#### Records for the exercise
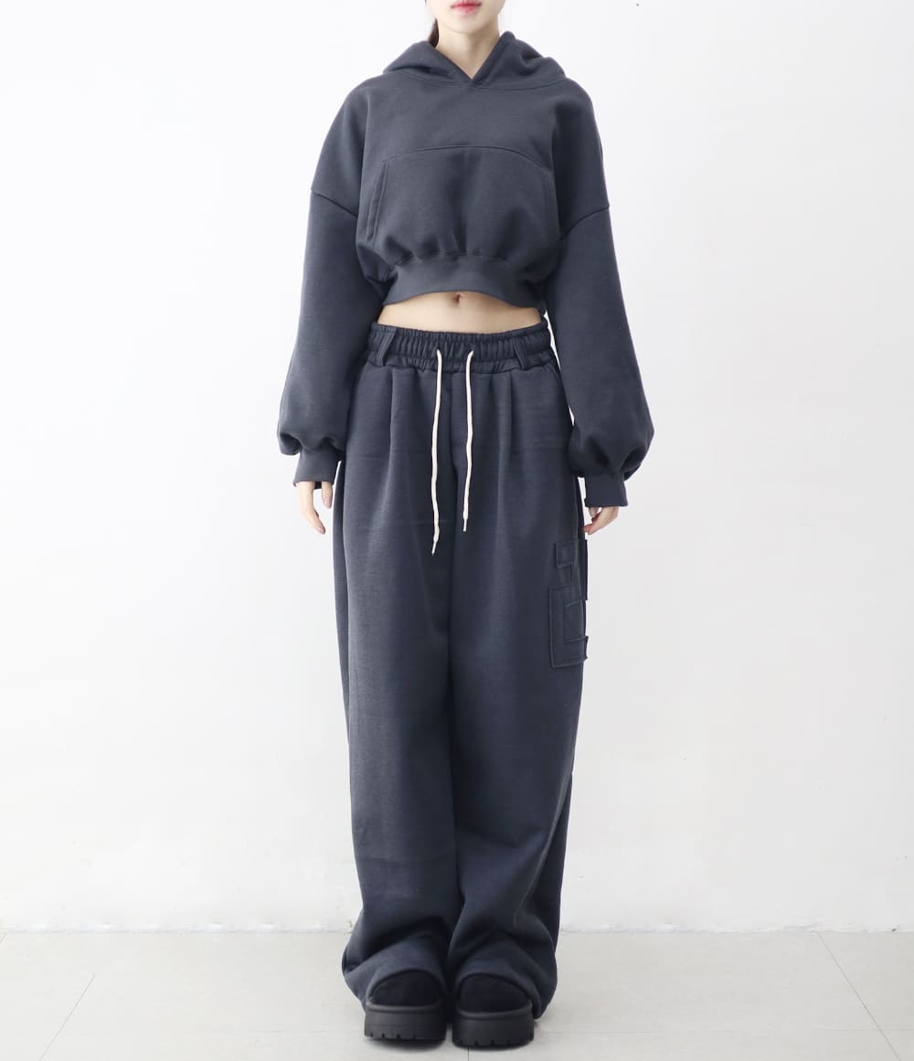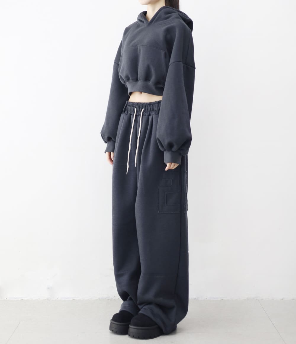 ディクション刺繍クロップオーバーフーディ
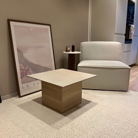 Kvadratisk bredde 68 cm og høyde 48 cm.
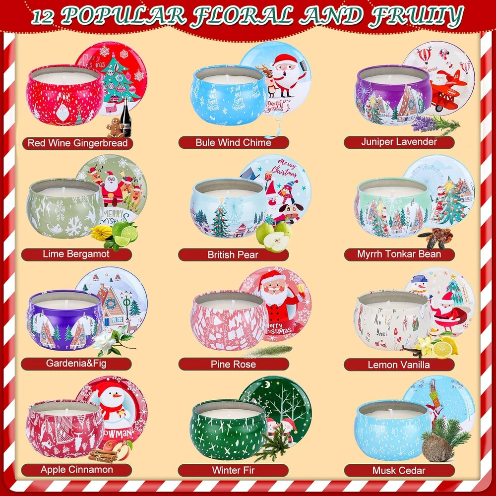 Store New Arrivals Add to Favorite View Feedback Contact Fast deliveries to the customer's home Quality customer service John Make the customers happy! 12PCS Christmas Scented Candles Gift for Women- Aromatherapy Candle for Home Scented-3.4Oz Soy Wax Birthday Gifts Christmas Presents for Mother Friend Wife Sister Xmas, Christmas Decorations Description 【12 CLASSIC POPULAR & COMFORTABLE FRAGRANCES】Our aromatherapy candle set come with 12 Fragrance Scents: Winter fir, Gardenia&Fig , Bule wind chime, Red wine gingerbread, Apple cinnamon, Lemon vanilla, Juniper lavender, lime bergamot, musk cedar,British Pear, pine rose, myrrh tonkar bean. Releasing your tension and promoting feelings of relaxation, preparing you for a better night's sleep. You can look at the bottom of the can to find out the scent of the candle. 【CUTE SIZE & LONG LASTING TIME】Each candle is about 3oz(Tin:0.5 oz, Soy Wax: 2.5oz) weight, 2.56"(6.5cm) diameter, 1.77"(4.5cm) height. The average lasting time is about 12 hours, nearly 144 hours total for 12 Packs. Tips: Trim the wicks to help increase lasting time. 【WIDE APPLICATIONS】Yoga candles, bath, dating, health care. portable cans with vintage plant-prints for travel, room decoration, accessories storing. It provides aromatherapy, creating mood enhancing atmospheres, relaxation for you and guests, effective in relaxing and relieving stress, suitable for people of all ages. 【PERFECT DEGIGN FOR CHRISTMAS GIFT】Our Beautiful scented candle set is designed for Christmas gift, packaged with a lovely red Christmas theme box. You can give it to your wife, friends, family, teacher or anyone you love in any festival suitable for all ages on Christmas holidays. 【Reusable Beautiful Tins】When the scented candles is completely burned, these tins can be reused to keep your small items, such as candies, stamps, plant, small decorations, toys or keys etc 12PCS Christmas Scented Candles, 2.5OZ Jar Candles, 12 Christmas Fragrances Candle Set for Women, Mom, Grandma, Godmother, Coworker, Teacher Item model number candle01 Wick Quantity 1 Number of Items 1 Pattern christmas Material Type Soy Wax Candle Type Container Candle Material Features Natural Theme christmas Scent Name Aromatherapy Item Dimensions W x H 0.1"W x 0.1"H Embellishment Feature christmas Are Batteries Included No Item Shape Round Unit Count 1.0 Count Subject Character christmas Product Dimensions 0.1"W x 0.1"H Container Type Can Model Name candle01 Seasons All Season Specific Uses For Product Aromatherapy, Decoration Indoor/Outdoor Usage Outdoor, Indoor Batteries are Included No Country of Origin China Item Weight 1.6 ounces Color Red Indoor Outdoor Usage Outdoor, Indoor Container Material Tin Shape Round Scent Aromatherapy Style Name christmas Numeric Theme Number 1 ABOUT US We offer the best prices around on high quality products. Our E-store includes media such as books, movies, music and games while offering electronics, toys, sporting apparel, clothing, tools, general home, garden items and more. SHIPPING We are always working hard to ensure your package arrives as soon as possible. Please understand that some factors like weather, high postal traffic, and the performance of shipping companies are outside of our control. We offer free shipping to the lower 48 states and ship within 2 business days of payment, usually sooner. We do not accept P.O. Boxes. Please provide a physical address. For shipping outside of the continental USA, we only use eBay's Global Shipping Program. The item is shipped to KY and then sent to the rest of the world. International customers are responsible for all duties and taxes. Continue to 'check out' to calculate costs for shipping the item to your country. Messages regarding eBay's Global Shipping Program MUST be directed at eBay EXCLUSIVELY. RETURNS We offer a 30-Day Return Policy on items in which you are not completely satisfied with. You have the option of a full-refund or an exchange of the item. No returns are available on items shipped outside of the USA PAYMENT We accept PayPal. CONTACT US This page content is yet to come Please ad us to your favorite seller and visit again later Thank You CUSTOMER SATISFACTION We try our very best to make sure every customer is completely satisfied. If there's a problem, message us! We're happy to help. WE ACCEPT
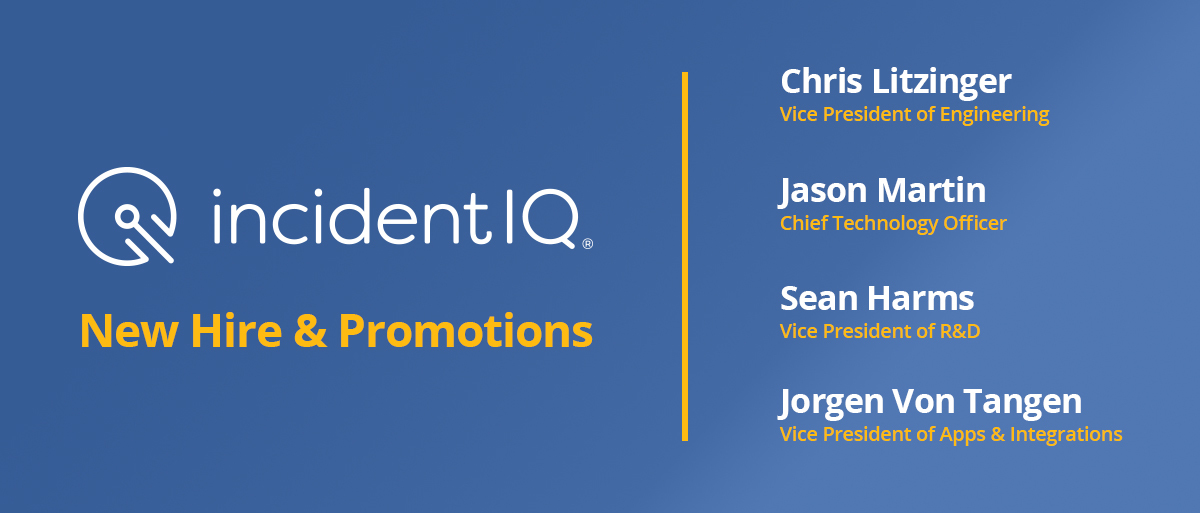 Chief Software Architect Jason Martin has been named Chief Technology Officer, while longtime Incident IQ development team leaders Sean Harms and Jorgen Von Tangen have been promoted to VP of R&D and VP of Apps & Integrations, respectively.
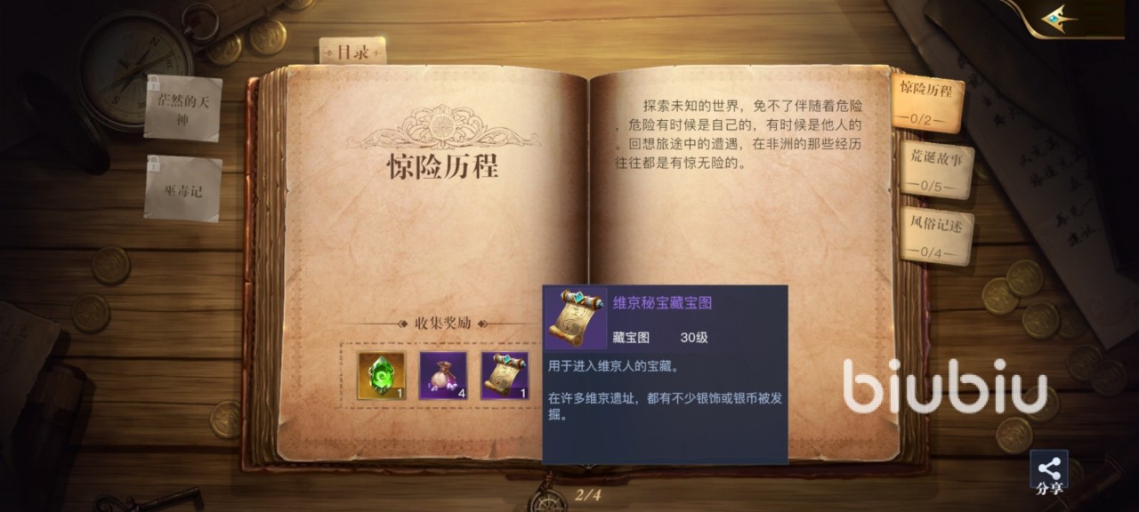 地图探索也是探险玩法的一部分,通过在不同的海域进行航行就能够完成探索度,只要达到规定的探索度就可以获取丰厚奖励。除了这三个途径外。在福利功能中通过签到可以获得藏宝图,另外还有其他一些活动奖励也会有藏宝图赠送。
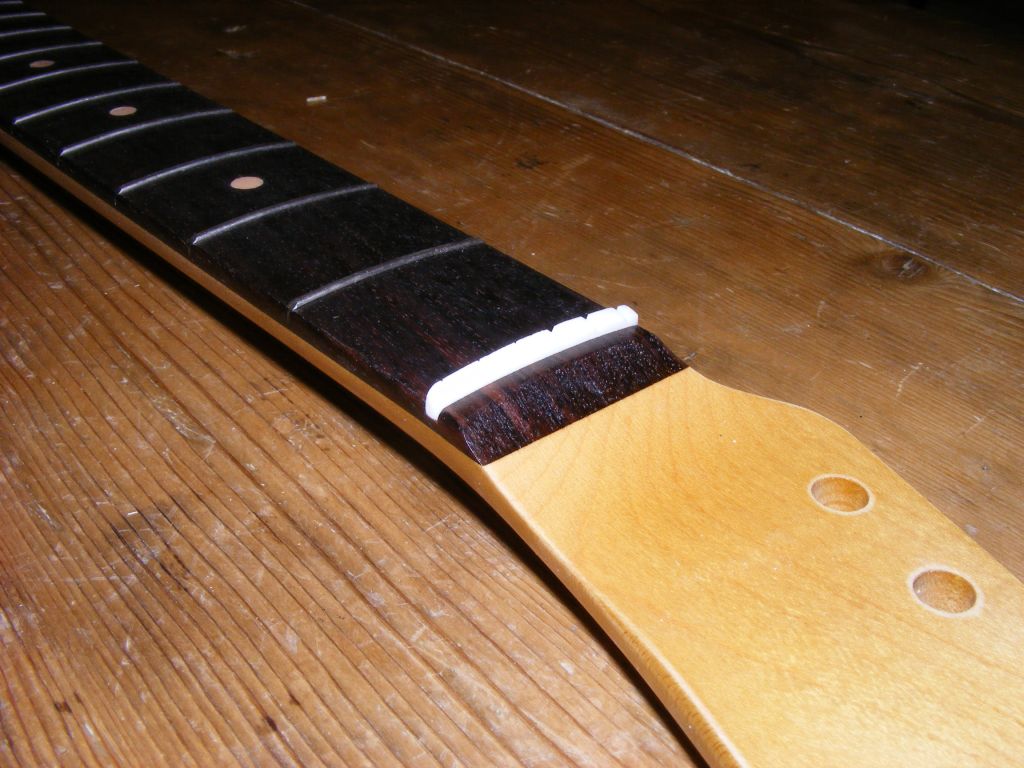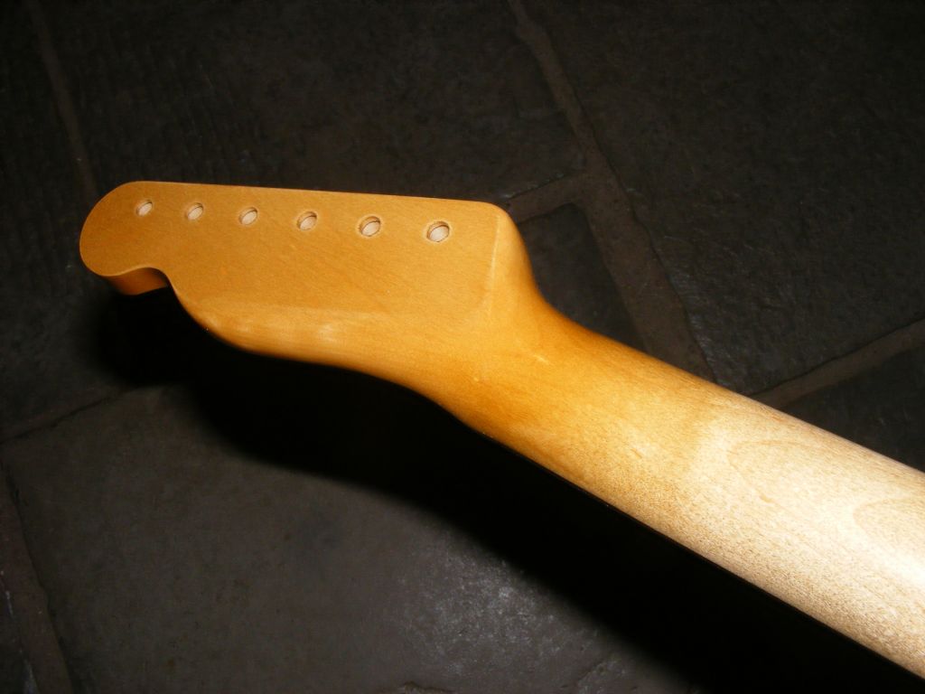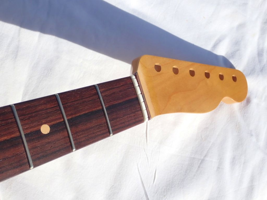 We've rolled the fretboard edges and added clay dots to this replacement neck finished in a light tint nitro.
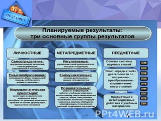 Документ содержит обновления и цели внедрения новых образовательных стандартов в школе, направленные на знакомство педагогов с основами и результатами госстандарта основного общего образования. Внедрение новых стандартов предполагает изменение роли учителя и использование современных образовательных технологий для формирования универсальных учебных действий. Основное внимание уделяется углублению патриотического воспитания, качеству образования и развитию личности учащихся через системно-деятельностные подходы.
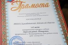 - 2 место в муниципальном конкурсе лэпбуков "Край мой родной - Татарстан" (выполнила воспитатель Юсупова Г.Р.)
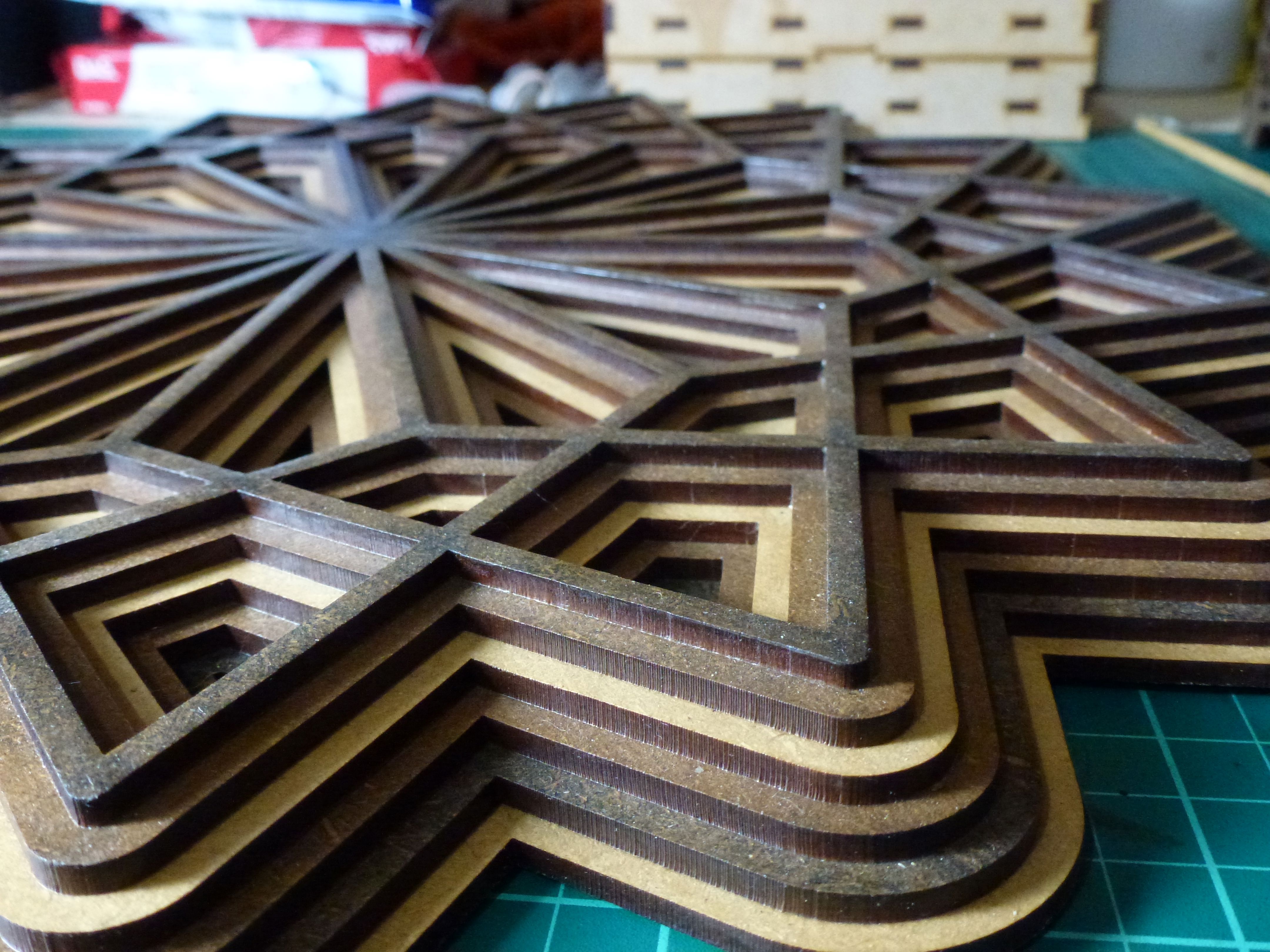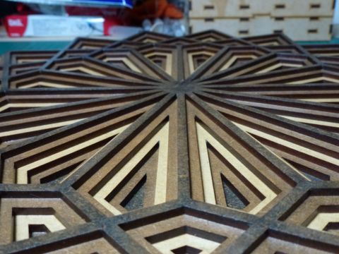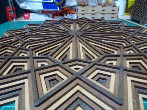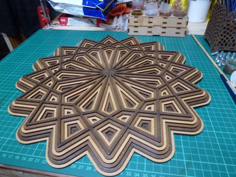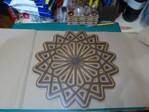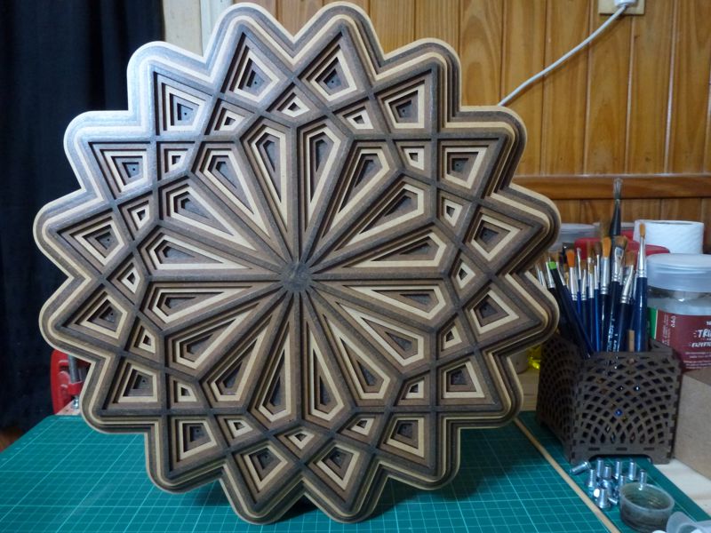 Construido en MDF de 3mm en 6 capas con un diametro de 38cm. Pintado con tinta para madera en colores naturales y terminado con barniz acrilico.
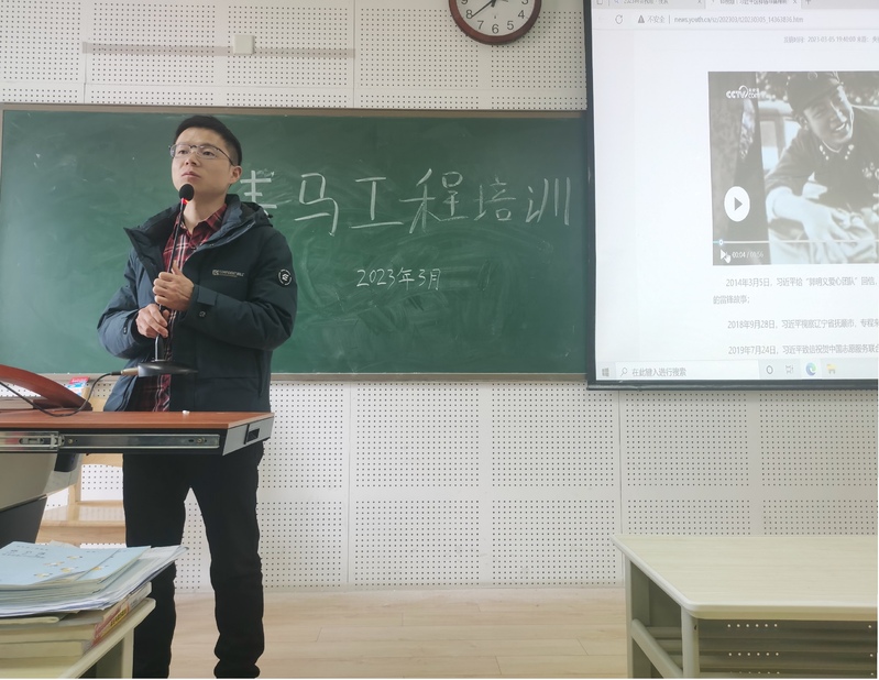 开展主题理论学习。3月18日,机械工程学院青马工程培训正式开班,学生第一党支部书记、团委书记苏洁红结合雷锋月系列活动,开展了“雷锋精神”主题理论学习。他以学习贯彻落实“习近平总书记对深入开展学雷锋活动的重要指示精神”作为切入点,剖析“雷锋精神”内涵,新时代大学生如何传承“雷锋精神”等方面进行了主题学习,提升了学员的政治素养,同时开展了“雷锋精神”为主题的团日活动及志愿服务活动。
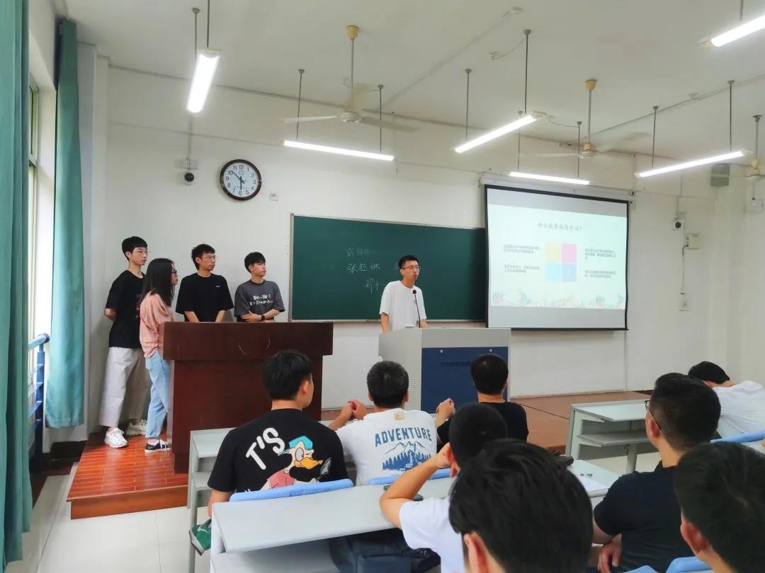 为了更好的熟悉彼此,新生们依次上台自我介绍,分享自己的兴趣爱好,广结好友,形式各异的自我介绍拉近了新生们彼此之间的距离,加深了解,增进感情。
########
■ Exercise brief
Restate word for word every line from the one with "Документ содержит обновления" up to and including the one with "Construido en MDF" in the records above, minus the pictures.

■ Answer box
 Документ содержит обновления и цели внедрения новых образовательных стандартов в школе, направленные на знакомство педагогов с основами и результатами госстандарта основного общего образования. Внедрение новых стандартов предполагает изменение роли учителя и использование современных образовательных технологий для формирования универсальных учебных действий. Основное внимание уделяется углублению патриотического воспитания, качеству образования и развитию личности учащихся через системно-деятельностные подходы.
 - 2 место в муниципальном конкурсе лэпбуков "Край мой родной - Татарстан" (выполнила воспитатель Юсупова Г.Р.)
 Construido en MDF de 3mm en 6 capas con un diametro de 38cm. Pintado con tinta para madera en colores naturales y terminado con barniz acrilico.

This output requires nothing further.